==== Dataset records ====

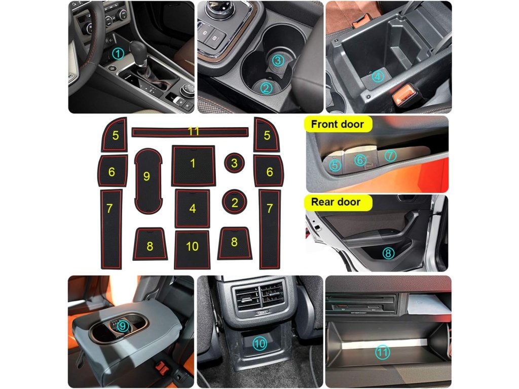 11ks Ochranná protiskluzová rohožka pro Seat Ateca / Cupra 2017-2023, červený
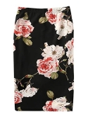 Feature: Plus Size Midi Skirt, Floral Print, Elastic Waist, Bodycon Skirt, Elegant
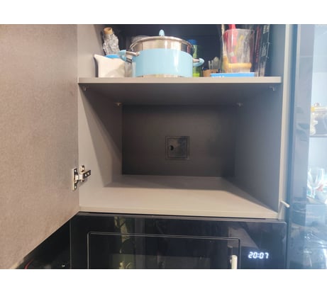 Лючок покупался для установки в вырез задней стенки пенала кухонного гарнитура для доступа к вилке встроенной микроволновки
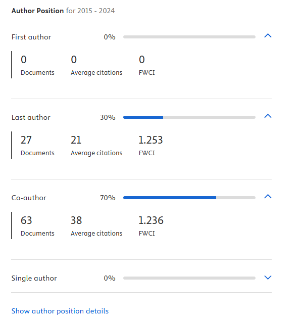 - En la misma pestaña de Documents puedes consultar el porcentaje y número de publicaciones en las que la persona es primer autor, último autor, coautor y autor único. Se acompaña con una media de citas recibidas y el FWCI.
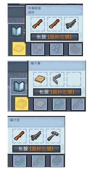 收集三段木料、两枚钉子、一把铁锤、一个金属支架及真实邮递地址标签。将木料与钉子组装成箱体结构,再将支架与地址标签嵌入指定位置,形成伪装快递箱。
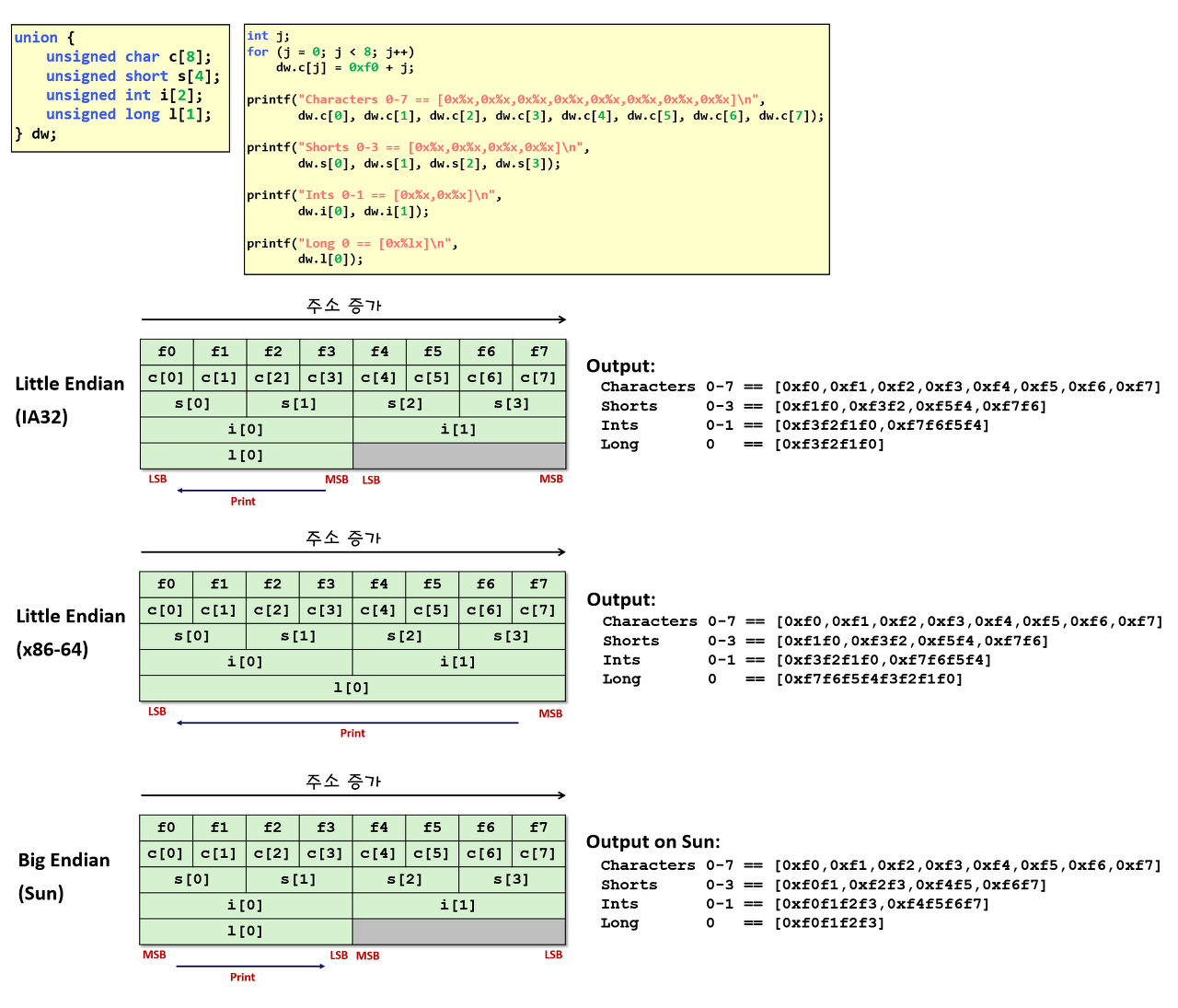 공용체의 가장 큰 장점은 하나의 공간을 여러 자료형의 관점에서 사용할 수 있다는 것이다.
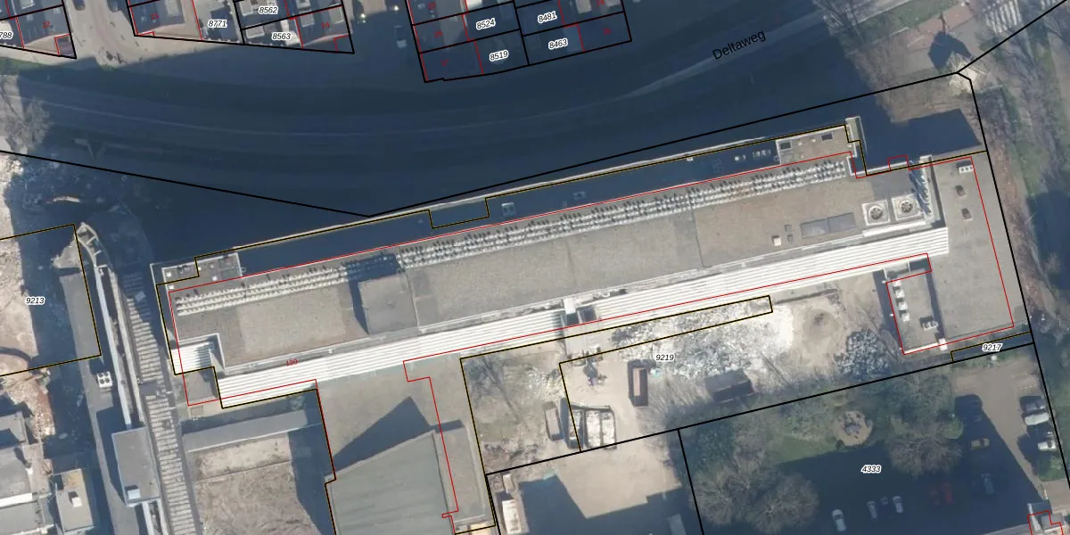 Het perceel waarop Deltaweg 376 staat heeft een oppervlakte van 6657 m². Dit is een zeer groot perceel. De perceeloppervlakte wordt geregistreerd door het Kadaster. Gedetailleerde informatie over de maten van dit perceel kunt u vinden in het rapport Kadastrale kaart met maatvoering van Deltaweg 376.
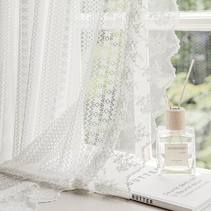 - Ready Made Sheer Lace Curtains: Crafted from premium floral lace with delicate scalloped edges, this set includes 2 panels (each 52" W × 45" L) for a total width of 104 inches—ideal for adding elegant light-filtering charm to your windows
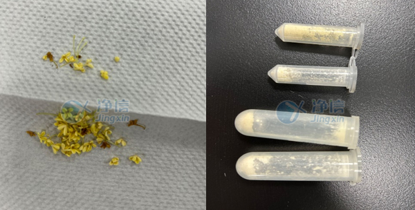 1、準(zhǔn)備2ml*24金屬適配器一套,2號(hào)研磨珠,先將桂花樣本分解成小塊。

====
==== Dataset records ====

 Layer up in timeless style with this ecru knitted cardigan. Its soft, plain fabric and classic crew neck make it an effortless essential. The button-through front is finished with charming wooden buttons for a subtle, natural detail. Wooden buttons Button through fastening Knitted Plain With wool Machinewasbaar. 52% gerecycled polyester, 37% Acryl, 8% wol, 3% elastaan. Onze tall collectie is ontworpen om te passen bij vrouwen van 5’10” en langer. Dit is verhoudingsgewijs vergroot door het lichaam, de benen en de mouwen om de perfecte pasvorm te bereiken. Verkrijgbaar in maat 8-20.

====

:: Task brief ::
Print from the line containing "收集三段木料、两枚钉子、一把" through the line containing "Het perceel waarop" in the data above, exactly as the lines stand, and omit every picture.

:: Answer space ::
 收集三段木料、两枚钉子、一把铁锤、一个金属支架及真实邮递地址标签。将木料与钉子组装成箱体结构,再将支架与地址标签嵌入指定位置,形成伪装快递箱。
 공용체의 가장 큰 장점은 하나의 공간을 여러 자료형의 관점에서 사용할 수 있다는 것이다.
 Het perceel waarop Deltaweg 376 staat heeft een oppervlakte van 6657 m². Dit is een zeer groot perceel. De perceeloppervlakte wordt geregistreerd door het Kadaster. Gedetailleerde informatie over de maten van dit perceel kunt u vinden in het rapport Kadastrale kaart met maatvoering van Deltaweg 376.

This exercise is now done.